Décadas atrás (por allá en los años ochenta), cuando llegué a tener cercanía con hombres y mujeres de distintas comunidades indígenas del Estado (gracias a la Unión de Comuneros “Emiliano Zapata”, que me abrió sus puertas solidarias), pude constatar que son una realidad esas personas de probada rectitud e integridad, que con frecuencia pasan inadvertidas para una mayoría de individuos que valoran al ser humano sólo por los bienes materiales que éste acumula; por su condición física o por determinadas características de su personalidad, quedando sin valor ante sus ojos materialistas valores como la honradez, la honestidad, la sencillez o la modestia y hasta hacen burla del espíritu de servicio, el “dar de sí”.
Dos formas de entender y vivir la vida diametralmente opuestas, me parece.
“Cuando se hace una fiesta en la comunidad, no se piensa tanto en lo que se va a gastar, sino en lo que se va a compartir”. “Cuando un niño o niña nace en una comunidad, no nace sólo para su familia, sino para todo el pueblo”, mencionó en un taller el maestro Benjamín Lucas.
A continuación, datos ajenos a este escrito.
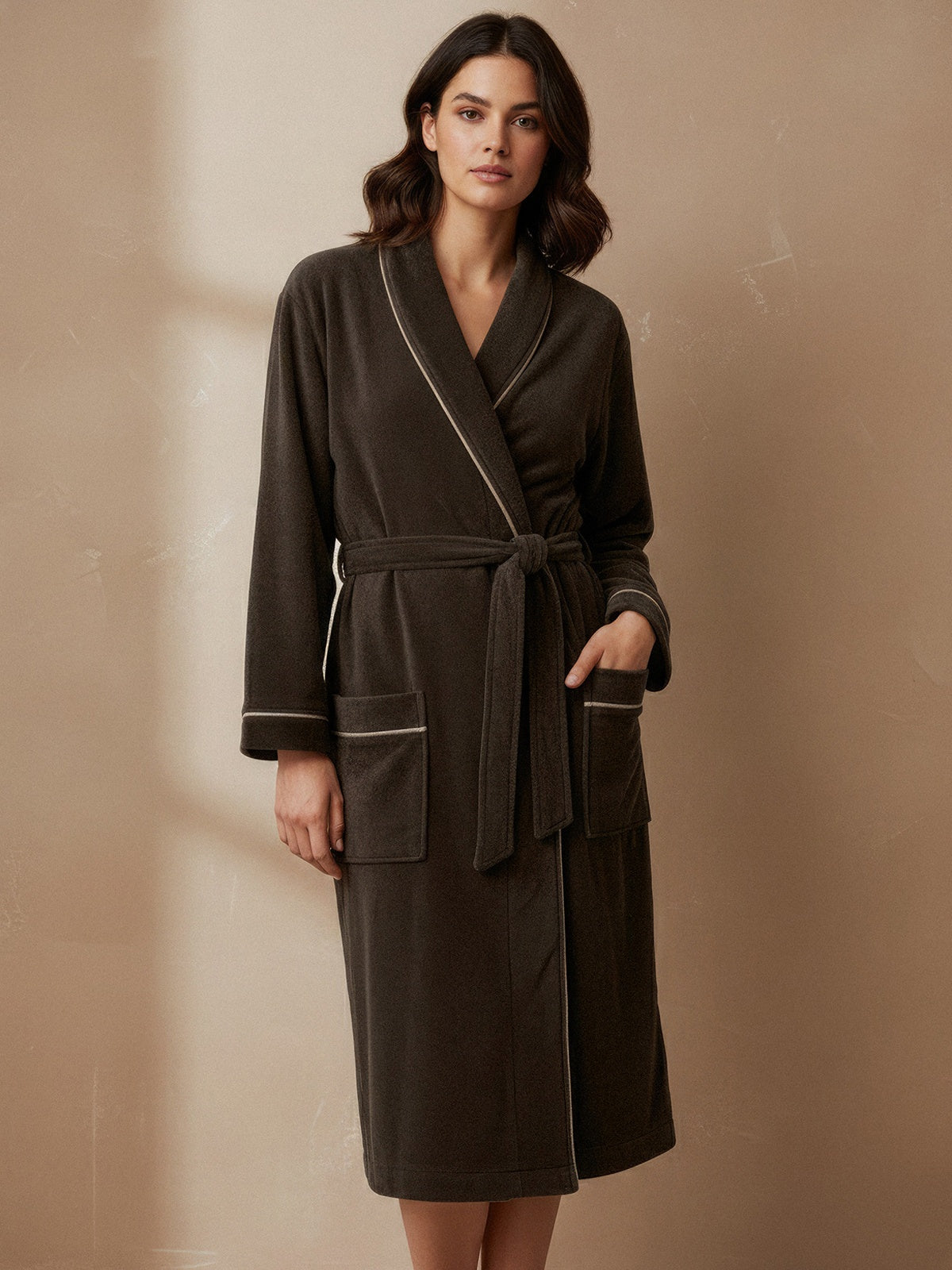 Velor dressing gown with side collar
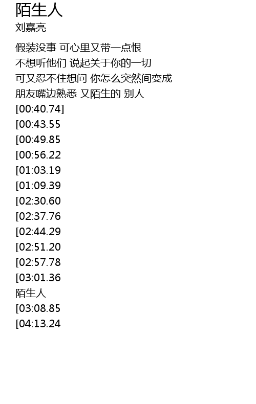 | [03:58.01][03:01.36][01:40.78] | 我会是 普通朋友 或是 陌生人 |
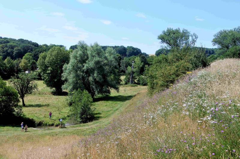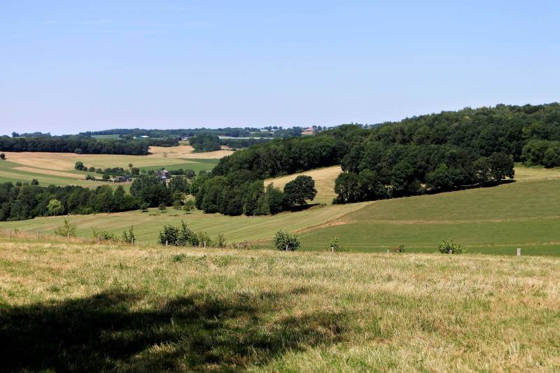 Zuid-limburg wordt doorsneden door de riviertjes de Geul en de Gulp. Beiden vinden hun oorsprong in België. De minst waterrijke van de twee, de Gulp, stroomt door Slenaken en komt bij Gulpen in de Geul uit, waarna ze gezamenlijk de Maas opzoeken. Wij bivakkeren op een plateau aan de rand van het Gulpdal en hebben vanaf hier een mooi uitzicht over de omgeving. Alle reden om een rondwandeling rondom onze camping en door het dal van de Gulp te maken. Het is ook vandaag prachtig weer en de temperatuur zou wat ons betreft - er is altijd iets om over te klagen - zelfs een tandje minder mogen. Gelukkig biedt het gebied volop afwisseling tussen vlakten en bos zodat we zeker de helft van de tijd tegen de zon zijn beschermd. De wandeling kan in twee delen van elk ongeveer zeven kilometers worden opgedeeld zodat deze ook met kleinere kinderen goed te doen is. Het eerste deel gaat vooral over het plateau en daarna duiken we het Gulpdal in en komen tenslotte via Slenaken weer terug bij de camping. Al met al een mooie tocht waar we ruim vier uur over hebben gedaan.

Y también añadía: “Existe lo que se ve, para identificarnos como p’urhépecha, pero también lo que se piensa o se siente (no visible). Nuestra gente sabe que hay maneras de pensar la vida muy distintas a la nuestra. Nosotros (los p’urhépecha) sentimos o no sentimos, eso no se puede explicar… el tiempo lo medimos de otra manera, igual que las distancias. Nosotros tenemos todo el tiempo… el tiempo nos pertenece”.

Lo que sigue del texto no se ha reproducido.